▸ Given material:

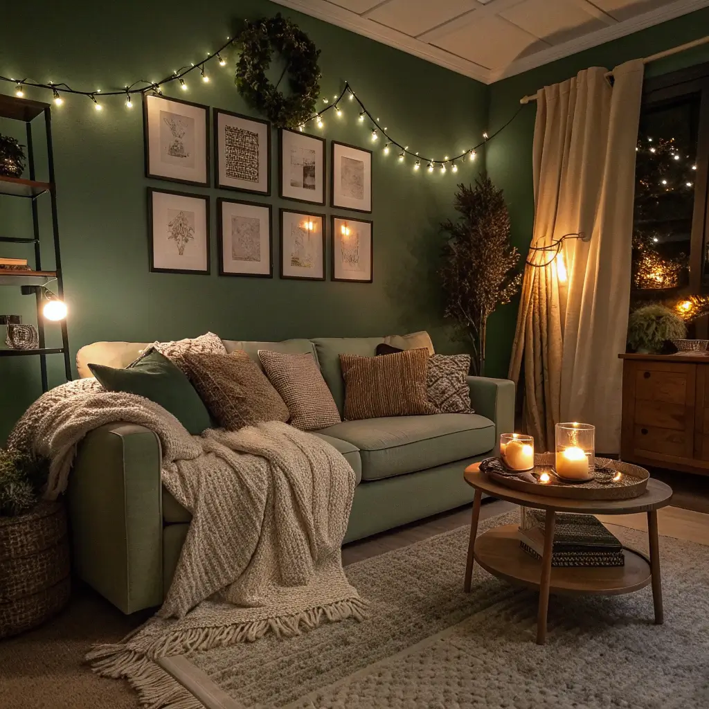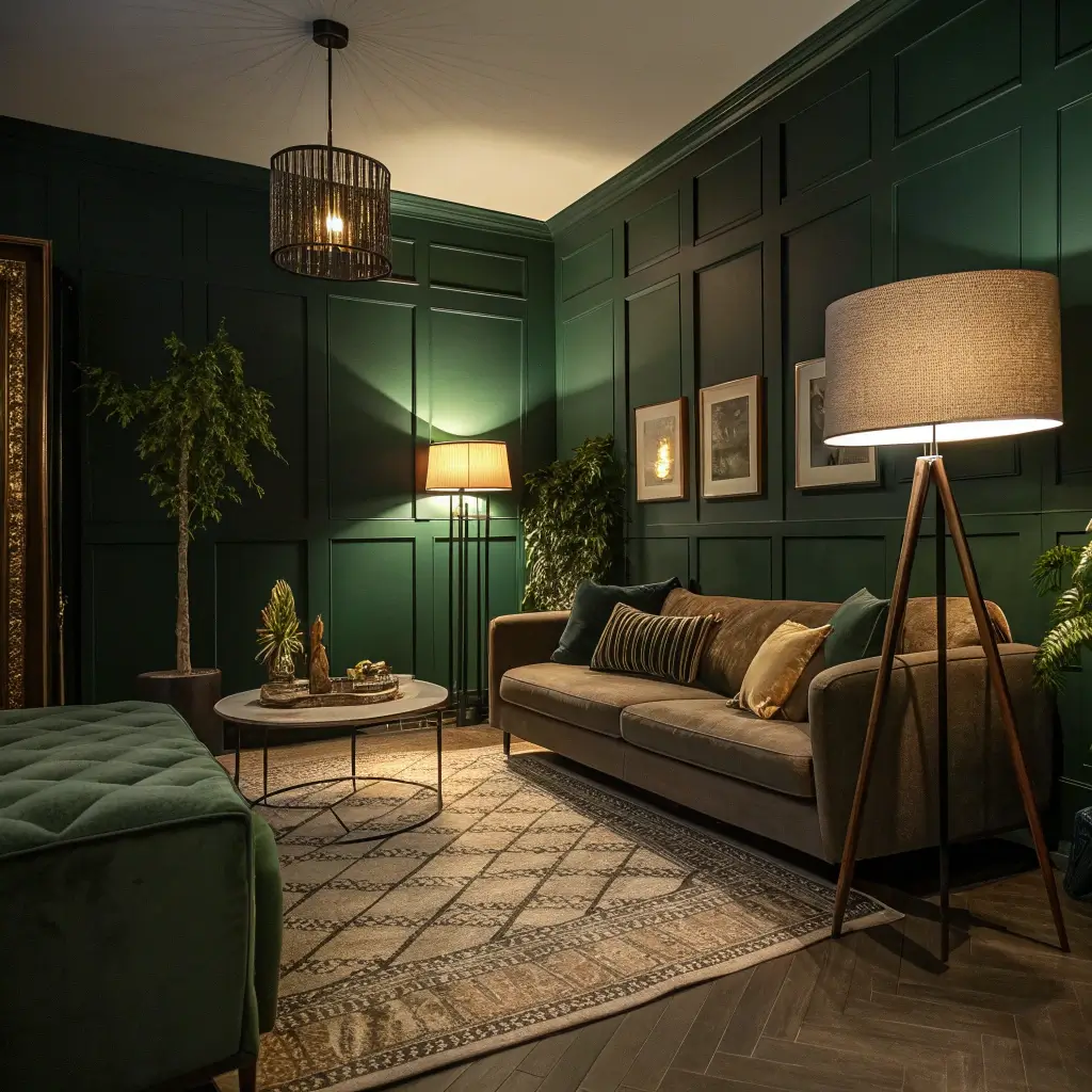 2. Forest Green Living Room with Layered Ambient Lighting
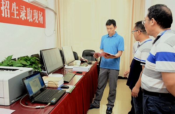 7月11日,副校長劉勇在黨委委員、教務(wù)處處長李超等人的陪同下到我校2018年高考招生錄取現(xiàn)場檢查指導(dǎo)招生錄取工作,慰問招生錄取工作人員。
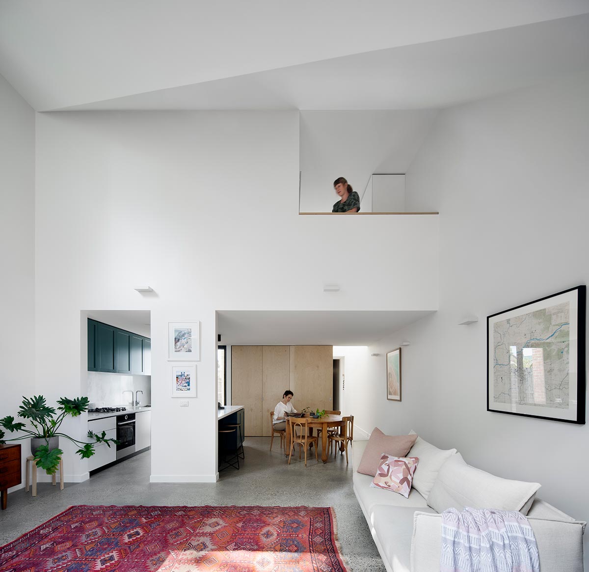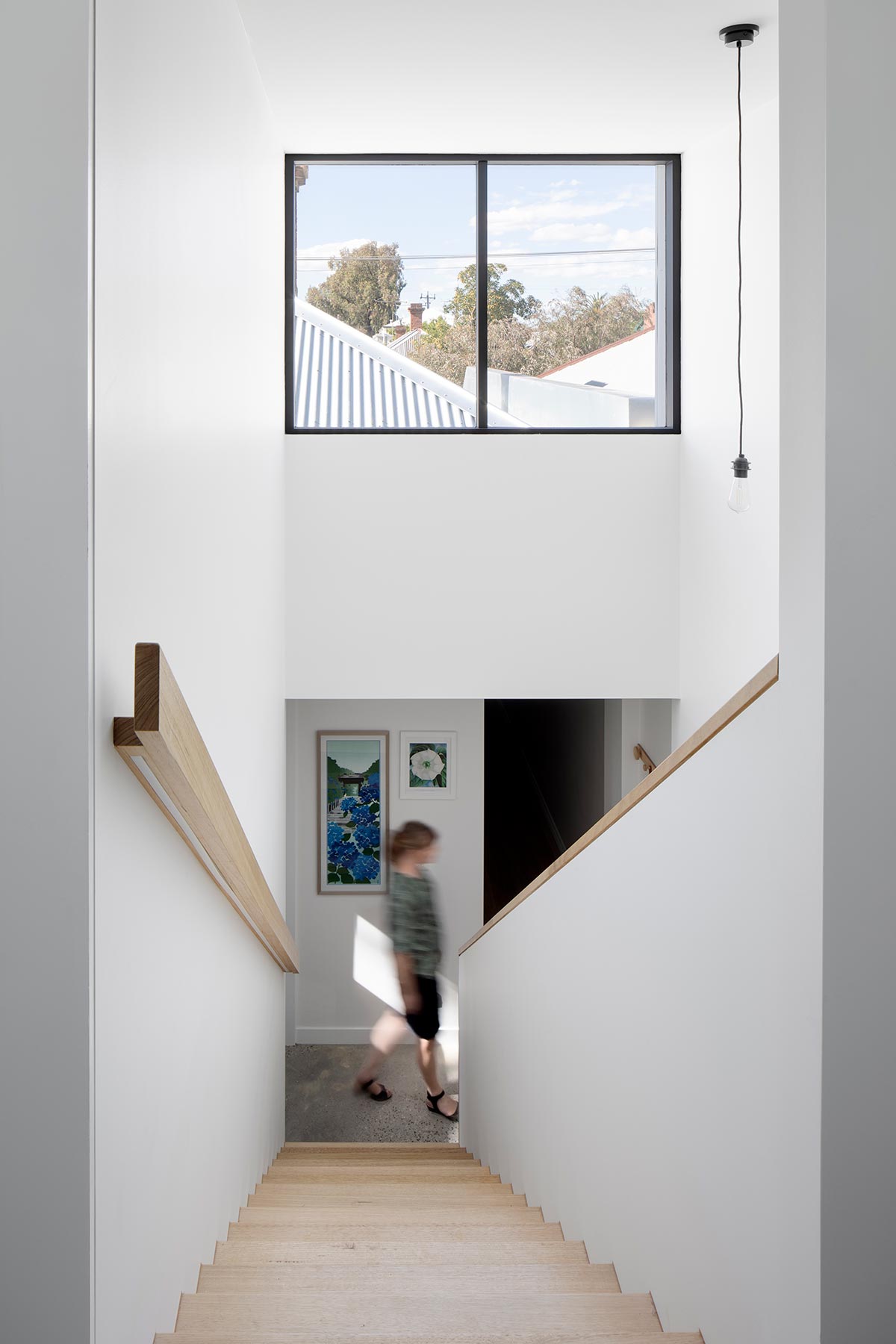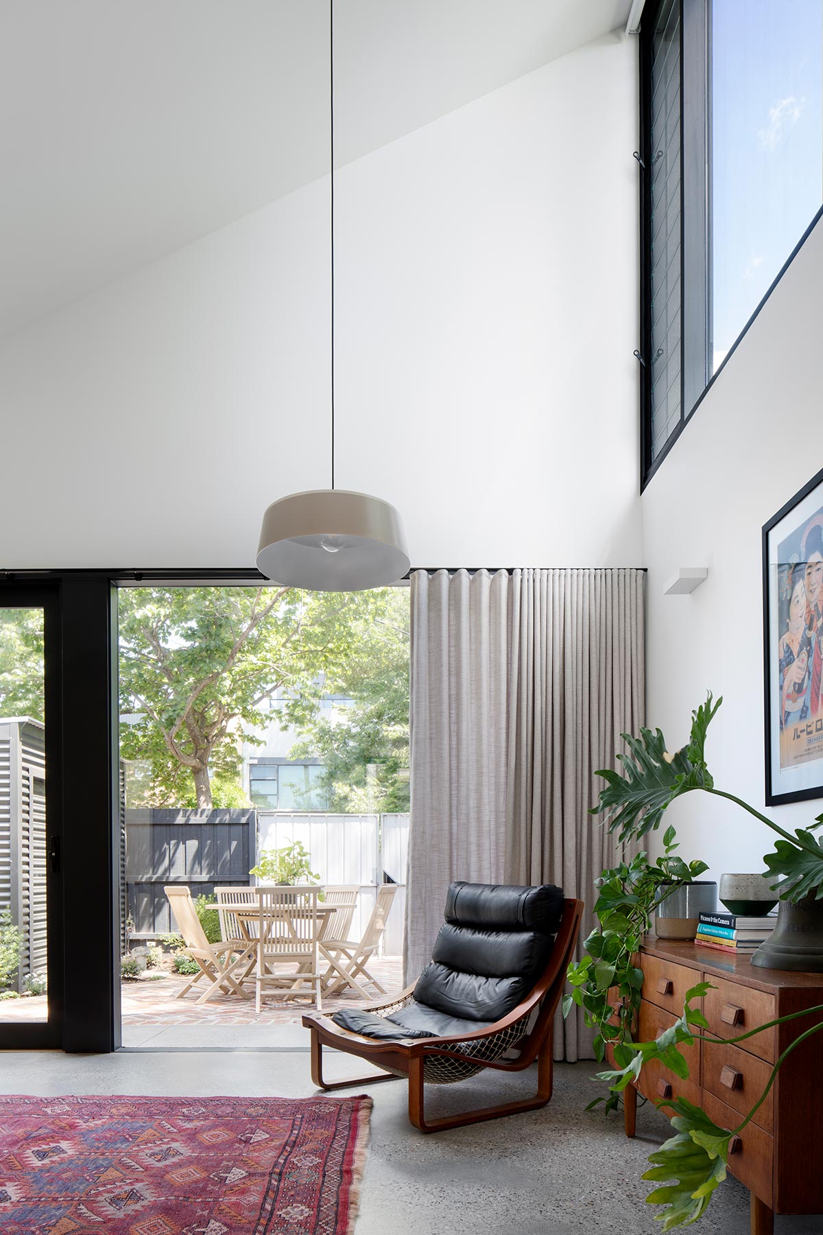 “Windows at high level capture views of the surrounding roofscapes and frame typical Brunswick views, beloved by the owner and architect alike. The adjacent park becomes a part of the house with views of the mature trees captured along the park side of the house. At ground level, wide glazed siding doors and full width windows connect the interior directly to the rear garden and new deck, making the relatively small spaces feel much larger.“ – Sarah Kahn Architect

▸ Task to complete:
Output the listing exactly, pictures excluded.

▸ Solution to this exercise:
 2. Forest Green Living Room with Layered Ambient Lighting
 7月11日,副校長劉勇在黨委委員、教務(wù)處處長李超等人的陪同下到我校2018年高考招生錄取現(xiàn)場檢查指導(dǎo)招生錄取工作,慰問招生錄取工作人員。
 “Windows at high level capture views of the surrounding roofscapes and frame typical Brunswick views, beloved by the owner and architect alike. The adjacent park becomes a part of the house with views of the mature trees captured along the park side of the house. At ground level, wide glazed siding doors and full width windows connect the interior directly to the rear garden and new deck, making the relatively small spaces feel much larger.“ – Sarah Kahn Architect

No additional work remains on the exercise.